**Records to use**:
┄┄┄┄┄┄

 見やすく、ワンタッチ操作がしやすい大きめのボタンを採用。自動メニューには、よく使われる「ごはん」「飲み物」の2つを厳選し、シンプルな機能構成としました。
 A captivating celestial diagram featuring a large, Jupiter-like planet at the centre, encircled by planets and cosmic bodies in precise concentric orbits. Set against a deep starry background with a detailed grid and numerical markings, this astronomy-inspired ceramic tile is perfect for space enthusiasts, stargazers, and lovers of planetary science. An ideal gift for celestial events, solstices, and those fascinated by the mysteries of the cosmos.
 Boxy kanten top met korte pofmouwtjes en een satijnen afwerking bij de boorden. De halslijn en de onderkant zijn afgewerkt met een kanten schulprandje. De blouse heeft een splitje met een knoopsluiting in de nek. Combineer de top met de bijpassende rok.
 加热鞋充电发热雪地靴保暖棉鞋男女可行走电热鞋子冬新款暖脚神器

┄┄┄┄┄┄

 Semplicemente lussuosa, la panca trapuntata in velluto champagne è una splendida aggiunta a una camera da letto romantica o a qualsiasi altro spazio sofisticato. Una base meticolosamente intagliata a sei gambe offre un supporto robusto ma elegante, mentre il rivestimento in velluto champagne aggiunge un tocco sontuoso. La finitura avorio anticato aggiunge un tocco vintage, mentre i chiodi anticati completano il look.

┄┄┄┄┄┄

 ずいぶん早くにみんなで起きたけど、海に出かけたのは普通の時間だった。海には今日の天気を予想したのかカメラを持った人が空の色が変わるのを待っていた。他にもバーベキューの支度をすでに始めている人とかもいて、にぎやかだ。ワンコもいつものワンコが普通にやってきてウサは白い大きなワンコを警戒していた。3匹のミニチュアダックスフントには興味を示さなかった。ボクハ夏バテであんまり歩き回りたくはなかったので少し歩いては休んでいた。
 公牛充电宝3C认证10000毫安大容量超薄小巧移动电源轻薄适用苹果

┄┄┄┄┄┄

**Task details**: All lines in the data above from the one with "ずいぶん早くにみんなで起きた" through the one with "公牛充电宝3C认证10000毫安大容量超薄小巧移动电源轻薄适用苹果" must be repeated exactly, and no others.

**Response for this exercise**:
 ずいぶん早くにみんなで起きたけど、海に出かけたのは普通の時間だった。海には今日の天気を予想したのかカメラを持った人が空の色が変わるのを待っていた。他にもバーベキューの支度をすでに始めている人とかもいて、にぎやかだ。ワンコもいつものワンコが普通にやってきてウサは白い大きなワンコを警戒していた。3匹のミニチュアダックスフントには興味を示さなかった。ボクハ夏バテであんまり歩き回りたくはなかったので少し歩いては休んでいた。
 公牛充电宝3C认证10000毫安大容量超薄小巧移动电源轻薄适用苹果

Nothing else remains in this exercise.